We also this summer received 16 large cartons from the American Geosciences Institute containing materials from Australia and other overseas locations that we do not already own. AGI wanted these materials, which were processed for its GeoRef database, to be placed in an academic library where they would be available to users.

This is an outgrowth of our cooperative arrangement, having indexers from GeoRef onsite, which has been a great benefit for both us and AGI over the years.

Space, both onsite and for library storage, is becoming a crisis. Our new storage facility is now full due to making user space in the PCL, and we may lose an existing storage and processing building in a few years to make way for the Dell Medical School on Red River.

This year’s digitization news is again focused on theses and dissertations. We ask alumni to grant permission to digitize their master’s and doctoral theses for our UT Digital Repository, home of the official copies of new graduate theses available at To date, there are 430 geology theses in the repository, of which about 200 pre-date the repository.

This process is especially important for geology titles, which often include loose maps and glued-in photographs that are difficult to preserve. Since the copyright of a thesis belongs to the author, we need individual permission to post the files. If you would like to be included, please contact us at

Our new School of Information graduate research assistant Laura Mattys has done a great deal of work helping to catalog backlogged gifts.

In staff news, this year’s Guion Award winners are Ron Podgorsek, for his work on the Texas topo transfer project, and Strickland, for her teamwork in organizing the “You Are Here” presentations.

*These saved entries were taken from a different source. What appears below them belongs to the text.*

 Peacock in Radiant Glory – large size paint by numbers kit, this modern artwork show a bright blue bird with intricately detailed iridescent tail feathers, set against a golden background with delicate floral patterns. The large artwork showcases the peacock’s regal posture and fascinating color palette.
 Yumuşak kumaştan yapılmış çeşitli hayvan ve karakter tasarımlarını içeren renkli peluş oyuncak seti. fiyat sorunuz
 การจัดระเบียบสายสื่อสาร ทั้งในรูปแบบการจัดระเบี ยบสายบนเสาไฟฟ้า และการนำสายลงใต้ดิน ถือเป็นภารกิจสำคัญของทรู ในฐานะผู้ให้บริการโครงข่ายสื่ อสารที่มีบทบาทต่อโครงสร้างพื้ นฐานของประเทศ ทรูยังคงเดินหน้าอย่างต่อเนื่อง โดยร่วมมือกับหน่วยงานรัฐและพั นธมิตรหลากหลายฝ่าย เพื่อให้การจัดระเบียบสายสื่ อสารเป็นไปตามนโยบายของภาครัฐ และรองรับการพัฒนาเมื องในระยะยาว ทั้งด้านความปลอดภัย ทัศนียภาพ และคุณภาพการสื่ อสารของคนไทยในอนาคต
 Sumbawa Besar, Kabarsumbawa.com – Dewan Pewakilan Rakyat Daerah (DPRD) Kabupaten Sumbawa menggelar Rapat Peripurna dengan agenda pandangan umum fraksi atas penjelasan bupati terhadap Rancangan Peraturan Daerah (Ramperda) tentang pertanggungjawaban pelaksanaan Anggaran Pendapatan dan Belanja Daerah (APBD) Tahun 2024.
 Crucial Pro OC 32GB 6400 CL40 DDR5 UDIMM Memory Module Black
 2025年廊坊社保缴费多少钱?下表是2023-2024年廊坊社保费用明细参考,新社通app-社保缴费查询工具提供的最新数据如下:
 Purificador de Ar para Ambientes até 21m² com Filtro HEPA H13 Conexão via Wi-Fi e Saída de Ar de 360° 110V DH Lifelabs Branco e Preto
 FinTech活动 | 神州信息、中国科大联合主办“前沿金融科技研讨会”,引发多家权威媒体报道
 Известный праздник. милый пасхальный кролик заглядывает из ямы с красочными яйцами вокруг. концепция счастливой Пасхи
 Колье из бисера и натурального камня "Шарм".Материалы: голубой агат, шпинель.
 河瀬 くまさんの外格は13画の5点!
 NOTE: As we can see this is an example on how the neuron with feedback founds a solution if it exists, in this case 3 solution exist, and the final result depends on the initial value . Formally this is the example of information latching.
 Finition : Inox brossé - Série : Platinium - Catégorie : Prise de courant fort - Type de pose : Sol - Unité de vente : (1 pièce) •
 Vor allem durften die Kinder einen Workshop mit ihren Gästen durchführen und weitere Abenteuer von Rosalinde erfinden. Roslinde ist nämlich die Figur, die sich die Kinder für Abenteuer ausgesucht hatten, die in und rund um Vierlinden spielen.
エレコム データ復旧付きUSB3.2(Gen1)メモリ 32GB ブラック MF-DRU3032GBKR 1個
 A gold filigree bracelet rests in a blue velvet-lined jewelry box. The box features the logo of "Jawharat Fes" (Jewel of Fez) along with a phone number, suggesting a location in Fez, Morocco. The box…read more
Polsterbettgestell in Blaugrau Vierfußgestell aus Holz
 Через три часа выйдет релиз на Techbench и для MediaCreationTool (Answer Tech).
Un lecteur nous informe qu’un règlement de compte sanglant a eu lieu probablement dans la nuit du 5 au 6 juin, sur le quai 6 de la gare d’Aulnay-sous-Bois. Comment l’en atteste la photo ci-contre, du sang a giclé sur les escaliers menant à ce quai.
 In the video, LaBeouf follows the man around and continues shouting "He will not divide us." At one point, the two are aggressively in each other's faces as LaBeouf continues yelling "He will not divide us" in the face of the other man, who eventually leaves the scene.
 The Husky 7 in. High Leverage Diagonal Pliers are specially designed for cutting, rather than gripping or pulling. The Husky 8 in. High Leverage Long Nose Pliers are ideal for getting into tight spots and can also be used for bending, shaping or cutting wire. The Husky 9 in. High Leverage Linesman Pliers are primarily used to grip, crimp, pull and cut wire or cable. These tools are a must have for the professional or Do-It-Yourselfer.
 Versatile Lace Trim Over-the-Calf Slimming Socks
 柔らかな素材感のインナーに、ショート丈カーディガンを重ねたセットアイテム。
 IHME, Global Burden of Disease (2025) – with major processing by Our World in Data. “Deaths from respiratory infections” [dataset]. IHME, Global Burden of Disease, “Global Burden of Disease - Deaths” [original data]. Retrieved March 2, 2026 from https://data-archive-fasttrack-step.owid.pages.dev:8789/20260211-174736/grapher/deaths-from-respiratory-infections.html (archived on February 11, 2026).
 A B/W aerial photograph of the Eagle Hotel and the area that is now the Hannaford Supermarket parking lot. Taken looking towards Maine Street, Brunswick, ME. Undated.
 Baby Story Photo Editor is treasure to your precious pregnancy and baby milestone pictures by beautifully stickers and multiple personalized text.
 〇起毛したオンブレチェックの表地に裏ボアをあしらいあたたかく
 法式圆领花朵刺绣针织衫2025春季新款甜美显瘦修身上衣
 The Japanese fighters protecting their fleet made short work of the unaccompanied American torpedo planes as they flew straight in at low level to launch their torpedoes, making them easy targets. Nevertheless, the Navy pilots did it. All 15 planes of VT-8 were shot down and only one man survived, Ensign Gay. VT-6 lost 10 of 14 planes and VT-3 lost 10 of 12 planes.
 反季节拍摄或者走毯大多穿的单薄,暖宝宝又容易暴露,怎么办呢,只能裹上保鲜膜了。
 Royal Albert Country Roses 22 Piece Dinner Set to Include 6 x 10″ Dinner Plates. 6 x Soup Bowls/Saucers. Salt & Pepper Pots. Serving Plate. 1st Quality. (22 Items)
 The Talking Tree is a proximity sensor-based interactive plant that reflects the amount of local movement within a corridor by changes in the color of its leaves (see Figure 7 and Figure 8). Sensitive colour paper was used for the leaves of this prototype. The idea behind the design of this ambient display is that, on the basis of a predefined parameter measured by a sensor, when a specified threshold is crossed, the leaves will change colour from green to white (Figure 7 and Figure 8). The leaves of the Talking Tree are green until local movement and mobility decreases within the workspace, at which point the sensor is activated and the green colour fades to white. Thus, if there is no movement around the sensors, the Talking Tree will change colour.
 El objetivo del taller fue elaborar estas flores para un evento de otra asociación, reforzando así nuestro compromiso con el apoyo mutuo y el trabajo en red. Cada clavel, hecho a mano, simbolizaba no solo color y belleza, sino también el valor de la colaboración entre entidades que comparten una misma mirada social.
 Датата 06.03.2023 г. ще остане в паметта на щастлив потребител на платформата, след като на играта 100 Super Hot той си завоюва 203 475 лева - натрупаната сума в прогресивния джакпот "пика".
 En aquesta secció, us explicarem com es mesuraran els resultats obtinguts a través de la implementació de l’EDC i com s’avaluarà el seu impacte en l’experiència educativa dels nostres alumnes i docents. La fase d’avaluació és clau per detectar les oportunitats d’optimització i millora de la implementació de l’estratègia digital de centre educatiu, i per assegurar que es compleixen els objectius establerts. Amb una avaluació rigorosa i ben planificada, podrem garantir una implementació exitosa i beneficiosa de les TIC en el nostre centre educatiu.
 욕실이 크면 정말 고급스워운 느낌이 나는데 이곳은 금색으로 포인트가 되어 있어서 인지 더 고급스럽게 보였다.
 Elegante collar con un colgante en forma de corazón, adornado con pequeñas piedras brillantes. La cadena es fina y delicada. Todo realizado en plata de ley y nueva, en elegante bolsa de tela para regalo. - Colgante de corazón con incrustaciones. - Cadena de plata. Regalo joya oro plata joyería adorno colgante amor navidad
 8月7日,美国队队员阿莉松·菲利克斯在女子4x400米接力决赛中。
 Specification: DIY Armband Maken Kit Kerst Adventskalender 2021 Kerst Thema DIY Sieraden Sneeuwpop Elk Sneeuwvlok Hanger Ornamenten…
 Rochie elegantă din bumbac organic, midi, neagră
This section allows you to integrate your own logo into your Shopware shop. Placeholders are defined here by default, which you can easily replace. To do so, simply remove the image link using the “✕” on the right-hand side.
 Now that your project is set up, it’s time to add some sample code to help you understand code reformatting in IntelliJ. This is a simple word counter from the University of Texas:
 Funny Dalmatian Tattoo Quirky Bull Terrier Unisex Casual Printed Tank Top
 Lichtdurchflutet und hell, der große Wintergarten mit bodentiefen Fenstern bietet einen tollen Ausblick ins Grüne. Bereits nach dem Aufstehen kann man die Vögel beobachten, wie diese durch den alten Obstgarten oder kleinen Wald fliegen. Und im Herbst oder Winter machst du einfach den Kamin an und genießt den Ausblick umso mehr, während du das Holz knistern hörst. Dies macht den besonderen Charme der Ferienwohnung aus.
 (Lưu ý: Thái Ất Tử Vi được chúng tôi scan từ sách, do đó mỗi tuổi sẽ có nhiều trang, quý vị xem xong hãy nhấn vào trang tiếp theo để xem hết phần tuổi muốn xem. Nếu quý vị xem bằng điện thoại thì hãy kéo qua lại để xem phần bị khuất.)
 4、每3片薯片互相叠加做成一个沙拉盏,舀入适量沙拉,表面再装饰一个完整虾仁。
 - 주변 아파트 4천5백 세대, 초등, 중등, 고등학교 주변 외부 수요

Smith-Dowling, unit manager and webmaster, attended the Western Association of Map Librarians (WAML) meeting last fall and is taking over map cataloging in addition to her other varied duties.

Finally, congratulations to our student workers who have completed their degrees: Regi Floresca, Amanda Gatti, Zarina Moreno, Armando Pecina, Camille Senellart de Vriere and Samantha Vo. Thanks for your efforts over the years and best wishes to you all in your chosen careers!